Saturday, March 5, 2011

It's a...........................


BABY!!

We've made it half way! Can you believe it? I don't know that I do quite yet. I'm getting more and more confident with this pregnancy after so many losses, but at the same time a part of me is constantly holding back. And I'm told from other women who have experienced the same that it's pretty normal to always be a little reserved.

But reservations or not, I'm fairly certain that THIS pregnancy WILL indeed lead to a baby when all is said and done. :) Which is really exciting after the last year and a half.

So now that we're twenty weeks we've had our big ultrasound. And as you've probably figured out, we chose not to find out the gender. Well, I decided. We both wanted to know with Payson, but I was up for the surprise with Jack. Jason couldn't handle the suspense, so we negotiated. I made Jason promise that if we found out with Jack, that regardless of gender, we would be surprised for our third.

That promise was made FOUR years ago, but Jason was still hoping up until the absolute last second that I would change my mind. Of course, he was surprised when I didn't. And now the ultrasound tech has probably forgotten whatever she did or didn't see and it isn't written anywhere, so no one will know until July!!

I'm pretty excited for that moment of suspense when Jason can finally take a peek and tell me what this loved little one is. I think that will be a pretty spectacular moment. And since we've never done the surprise thing before it's really fun to change things up this time around.

Anyway, our appointment went really well. Everything went great. Baby looked beautiful and was measuring on the large side, which didn't surprise me in the slightest. We make big babies. :) (Jack was 8 lb 9 oz at 6 days early. Payson was the biggest preemie to have ever existed. At 4 1/2 weeks early she was 6 lb 14 oz!! She was such a giant compared to the 3 and 4 pound babies in the NICU beds next to her.)

We got some funny little shots of baby's arms. One clenched in a masculine fist:


With the other draped dramatically and daintily across his/her forehead:



Giving us no indication of whether or not this is a him or a her. :)

We also got a peek at the cute little piggies we'll be counting in just a few short months:


But mostly I was just thrilled to see this sweet little profile and know that everything was okay. Heart beating away, everything growing as it should, and baby squirming plenty to reassure mama. :)
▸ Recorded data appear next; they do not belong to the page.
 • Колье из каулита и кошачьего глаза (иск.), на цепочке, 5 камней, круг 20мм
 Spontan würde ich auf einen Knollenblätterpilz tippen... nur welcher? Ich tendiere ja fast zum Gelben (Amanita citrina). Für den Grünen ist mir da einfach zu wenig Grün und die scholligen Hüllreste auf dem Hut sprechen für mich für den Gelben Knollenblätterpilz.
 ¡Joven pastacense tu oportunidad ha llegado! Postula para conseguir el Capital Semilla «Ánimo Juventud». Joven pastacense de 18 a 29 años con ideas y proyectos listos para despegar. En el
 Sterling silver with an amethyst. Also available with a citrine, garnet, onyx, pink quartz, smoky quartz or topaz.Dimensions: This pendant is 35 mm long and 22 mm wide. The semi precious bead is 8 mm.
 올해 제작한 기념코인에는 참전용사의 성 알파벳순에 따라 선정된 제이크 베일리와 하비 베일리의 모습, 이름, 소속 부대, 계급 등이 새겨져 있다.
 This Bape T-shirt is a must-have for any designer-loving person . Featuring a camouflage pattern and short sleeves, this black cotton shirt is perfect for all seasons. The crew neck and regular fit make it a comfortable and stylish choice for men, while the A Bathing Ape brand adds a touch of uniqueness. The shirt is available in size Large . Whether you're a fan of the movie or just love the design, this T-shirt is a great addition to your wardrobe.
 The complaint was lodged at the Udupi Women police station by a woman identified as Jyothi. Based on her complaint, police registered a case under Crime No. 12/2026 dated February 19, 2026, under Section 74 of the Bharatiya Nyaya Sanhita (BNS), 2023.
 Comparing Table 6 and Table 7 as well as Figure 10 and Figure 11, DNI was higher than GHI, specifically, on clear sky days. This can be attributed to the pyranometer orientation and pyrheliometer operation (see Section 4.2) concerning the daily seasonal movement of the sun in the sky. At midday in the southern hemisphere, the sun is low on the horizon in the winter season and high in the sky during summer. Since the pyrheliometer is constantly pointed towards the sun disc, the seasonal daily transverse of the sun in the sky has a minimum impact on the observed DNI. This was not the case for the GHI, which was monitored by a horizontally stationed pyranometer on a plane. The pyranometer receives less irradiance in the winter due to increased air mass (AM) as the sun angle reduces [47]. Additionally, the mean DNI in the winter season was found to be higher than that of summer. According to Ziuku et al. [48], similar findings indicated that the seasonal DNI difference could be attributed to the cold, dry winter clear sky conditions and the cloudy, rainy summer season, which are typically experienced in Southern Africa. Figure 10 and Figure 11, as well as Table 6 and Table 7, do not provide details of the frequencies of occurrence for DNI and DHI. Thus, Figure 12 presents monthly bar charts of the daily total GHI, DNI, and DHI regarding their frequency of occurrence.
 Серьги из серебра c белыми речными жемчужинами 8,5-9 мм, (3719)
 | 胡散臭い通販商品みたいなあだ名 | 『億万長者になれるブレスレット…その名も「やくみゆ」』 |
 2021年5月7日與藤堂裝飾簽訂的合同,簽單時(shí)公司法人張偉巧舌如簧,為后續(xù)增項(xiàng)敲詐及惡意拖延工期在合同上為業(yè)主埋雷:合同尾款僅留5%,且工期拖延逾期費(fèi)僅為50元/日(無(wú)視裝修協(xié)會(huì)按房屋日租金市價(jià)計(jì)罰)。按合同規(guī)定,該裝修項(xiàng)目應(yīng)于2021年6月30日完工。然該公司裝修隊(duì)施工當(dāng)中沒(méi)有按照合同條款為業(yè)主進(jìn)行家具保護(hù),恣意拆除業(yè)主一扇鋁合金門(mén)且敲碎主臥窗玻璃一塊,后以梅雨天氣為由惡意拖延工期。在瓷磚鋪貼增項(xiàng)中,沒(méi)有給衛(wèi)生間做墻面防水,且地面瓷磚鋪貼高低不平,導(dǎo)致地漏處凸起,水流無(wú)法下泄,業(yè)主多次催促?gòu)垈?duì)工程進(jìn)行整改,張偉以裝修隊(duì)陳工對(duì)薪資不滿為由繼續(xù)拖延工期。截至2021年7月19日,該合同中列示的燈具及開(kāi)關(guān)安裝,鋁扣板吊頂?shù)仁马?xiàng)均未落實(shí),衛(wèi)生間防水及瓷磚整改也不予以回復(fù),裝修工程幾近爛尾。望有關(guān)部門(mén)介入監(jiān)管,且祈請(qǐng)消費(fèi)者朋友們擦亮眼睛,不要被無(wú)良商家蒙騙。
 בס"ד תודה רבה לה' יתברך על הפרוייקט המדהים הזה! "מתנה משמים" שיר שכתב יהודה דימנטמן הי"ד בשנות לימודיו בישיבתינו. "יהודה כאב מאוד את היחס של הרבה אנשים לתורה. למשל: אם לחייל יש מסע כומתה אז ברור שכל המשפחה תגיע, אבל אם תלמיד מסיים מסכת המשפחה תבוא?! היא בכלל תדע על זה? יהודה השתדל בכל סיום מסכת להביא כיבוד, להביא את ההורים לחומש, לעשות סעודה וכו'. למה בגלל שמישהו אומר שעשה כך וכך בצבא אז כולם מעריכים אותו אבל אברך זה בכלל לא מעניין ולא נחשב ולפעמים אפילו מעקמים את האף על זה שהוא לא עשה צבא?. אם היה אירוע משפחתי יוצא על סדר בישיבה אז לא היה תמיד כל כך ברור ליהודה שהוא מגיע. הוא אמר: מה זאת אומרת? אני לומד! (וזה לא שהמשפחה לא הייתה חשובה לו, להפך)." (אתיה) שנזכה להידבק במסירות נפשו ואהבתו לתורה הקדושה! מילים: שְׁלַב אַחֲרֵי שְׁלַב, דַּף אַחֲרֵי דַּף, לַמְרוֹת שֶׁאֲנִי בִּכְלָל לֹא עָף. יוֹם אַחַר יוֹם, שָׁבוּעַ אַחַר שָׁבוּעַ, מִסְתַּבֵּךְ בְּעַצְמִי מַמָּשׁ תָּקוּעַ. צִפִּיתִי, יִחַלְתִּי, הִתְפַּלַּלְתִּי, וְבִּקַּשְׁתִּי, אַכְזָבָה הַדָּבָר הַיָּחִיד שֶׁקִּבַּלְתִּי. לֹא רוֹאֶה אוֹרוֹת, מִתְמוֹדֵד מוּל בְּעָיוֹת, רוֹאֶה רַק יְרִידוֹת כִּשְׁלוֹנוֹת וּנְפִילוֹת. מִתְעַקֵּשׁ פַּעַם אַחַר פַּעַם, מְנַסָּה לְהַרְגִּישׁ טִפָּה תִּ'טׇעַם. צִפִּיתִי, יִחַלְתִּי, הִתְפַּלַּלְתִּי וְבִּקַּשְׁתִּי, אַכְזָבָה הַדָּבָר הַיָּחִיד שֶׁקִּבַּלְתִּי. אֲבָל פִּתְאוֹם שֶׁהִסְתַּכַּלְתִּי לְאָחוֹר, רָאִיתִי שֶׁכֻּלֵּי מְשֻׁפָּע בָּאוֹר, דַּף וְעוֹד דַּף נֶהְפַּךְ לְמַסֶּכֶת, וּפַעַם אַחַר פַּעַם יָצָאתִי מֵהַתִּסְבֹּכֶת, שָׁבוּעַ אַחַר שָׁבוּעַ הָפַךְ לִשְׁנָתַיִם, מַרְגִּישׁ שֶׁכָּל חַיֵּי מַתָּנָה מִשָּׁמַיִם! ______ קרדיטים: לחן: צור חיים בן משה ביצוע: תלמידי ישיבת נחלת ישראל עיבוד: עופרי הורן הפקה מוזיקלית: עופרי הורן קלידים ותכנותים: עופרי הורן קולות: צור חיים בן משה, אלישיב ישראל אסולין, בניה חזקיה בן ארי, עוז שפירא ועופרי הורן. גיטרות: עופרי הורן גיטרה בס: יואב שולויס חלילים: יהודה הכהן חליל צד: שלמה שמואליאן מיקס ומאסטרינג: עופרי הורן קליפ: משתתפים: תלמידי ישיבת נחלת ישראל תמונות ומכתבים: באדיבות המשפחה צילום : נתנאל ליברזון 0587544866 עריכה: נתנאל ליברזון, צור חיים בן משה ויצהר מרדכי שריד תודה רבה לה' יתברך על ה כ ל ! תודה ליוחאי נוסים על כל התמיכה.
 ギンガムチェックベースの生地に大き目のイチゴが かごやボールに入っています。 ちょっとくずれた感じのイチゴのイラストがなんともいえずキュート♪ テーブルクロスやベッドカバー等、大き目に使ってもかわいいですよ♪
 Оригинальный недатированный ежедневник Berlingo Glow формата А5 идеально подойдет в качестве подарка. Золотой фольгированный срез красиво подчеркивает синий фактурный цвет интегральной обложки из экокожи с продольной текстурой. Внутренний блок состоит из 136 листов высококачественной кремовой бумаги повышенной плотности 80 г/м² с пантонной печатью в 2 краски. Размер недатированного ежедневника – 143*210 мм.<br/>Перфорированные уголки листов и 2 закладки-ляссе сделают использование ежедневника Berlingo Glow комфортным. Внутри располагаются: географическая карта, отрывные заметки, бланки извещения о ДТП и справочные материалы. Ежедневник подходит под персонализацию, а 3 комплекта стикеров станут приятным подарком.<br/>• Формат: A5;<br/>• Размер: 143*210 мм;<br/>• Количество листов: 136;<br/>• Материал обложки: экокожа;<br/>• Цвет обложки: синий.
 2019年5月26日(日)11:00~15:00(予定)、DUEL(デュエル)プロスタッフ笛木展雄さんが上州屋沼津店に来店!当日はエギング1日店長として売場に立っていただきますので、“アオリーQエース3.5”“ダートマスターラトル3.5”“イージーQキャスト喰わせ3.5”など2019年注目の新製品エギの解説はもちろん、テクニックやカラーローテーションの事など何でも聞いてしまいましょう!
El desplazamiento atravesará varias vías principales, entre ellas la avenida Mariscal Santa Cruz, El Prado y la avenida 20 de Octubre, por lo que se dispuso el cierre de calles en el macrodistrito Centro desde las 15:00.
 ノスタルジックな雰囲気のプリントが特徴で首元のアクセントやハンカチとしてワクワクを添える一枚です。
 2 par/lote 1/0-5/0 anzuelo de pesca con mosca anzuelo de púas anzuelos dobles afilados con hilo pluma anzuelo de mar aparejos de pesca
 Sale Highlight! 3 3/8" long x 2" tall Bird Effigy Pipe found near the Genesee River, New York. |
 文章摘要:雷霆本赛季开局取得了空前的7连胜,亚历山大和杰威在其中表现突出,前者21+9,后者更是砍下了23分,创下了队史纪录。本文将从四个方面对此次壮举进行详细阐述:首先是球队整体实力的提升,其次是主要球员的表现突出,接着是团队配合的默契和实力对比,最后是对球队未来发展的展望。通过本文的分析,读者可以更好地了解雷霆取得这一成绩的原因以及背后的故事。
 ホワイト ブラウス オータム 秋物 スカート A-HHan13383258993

I seriously can't wait to kiss those sweet little lips!!!! I'm teary eyed just thinking about those
first few moments. This little one has had us hoping and praying and waiting for such a long time. He/she is so loved already! Oh baby, I hope you know how much we adore you! Your big brother and big sister are just elated to meet you! They have so much they want to show and teach you! Some good...some naughty. :) But they love you just as much as your daddy and I do! Keep on growing in there. I'm enjoying every little flutter and kick. Not the heartburn and aches and stretching so much, but I'd go through so much worse for you! We love you and can't wait to meet you!!!

5 comments:

Steffani Dastrup said...

Oh Mckenna I am so happy for you! You def have more self control than I have! I would have broken down and had them just tell me! It will be so cool for you to find out the moment you hold him/her!

r said...

I love the idea of a surprise but I don't think I'd ever have the will-power to not find out :) I'm so happy everything is going so well (except the heartburn, etc.) Hooray, hooray!!!

Jobi Niu said...

I'M SOOO HAPPY FOR YOU!!! Boy or Girl--it's be SO DANG CUTE!! Can't wait. I hope you're feelin great! Love you. Miss you.

Megan said...

So exciting! And you'll have to let me know how the surprise thing works out. Chase wants to do it on our next one...I don't think I can handle it. But I kinda like the idea. Hmmm... Love you and am so glad this little babe is giving you grief! :)

Trish Griffee said...

YAY!!1 I love these pics. They are just so precious.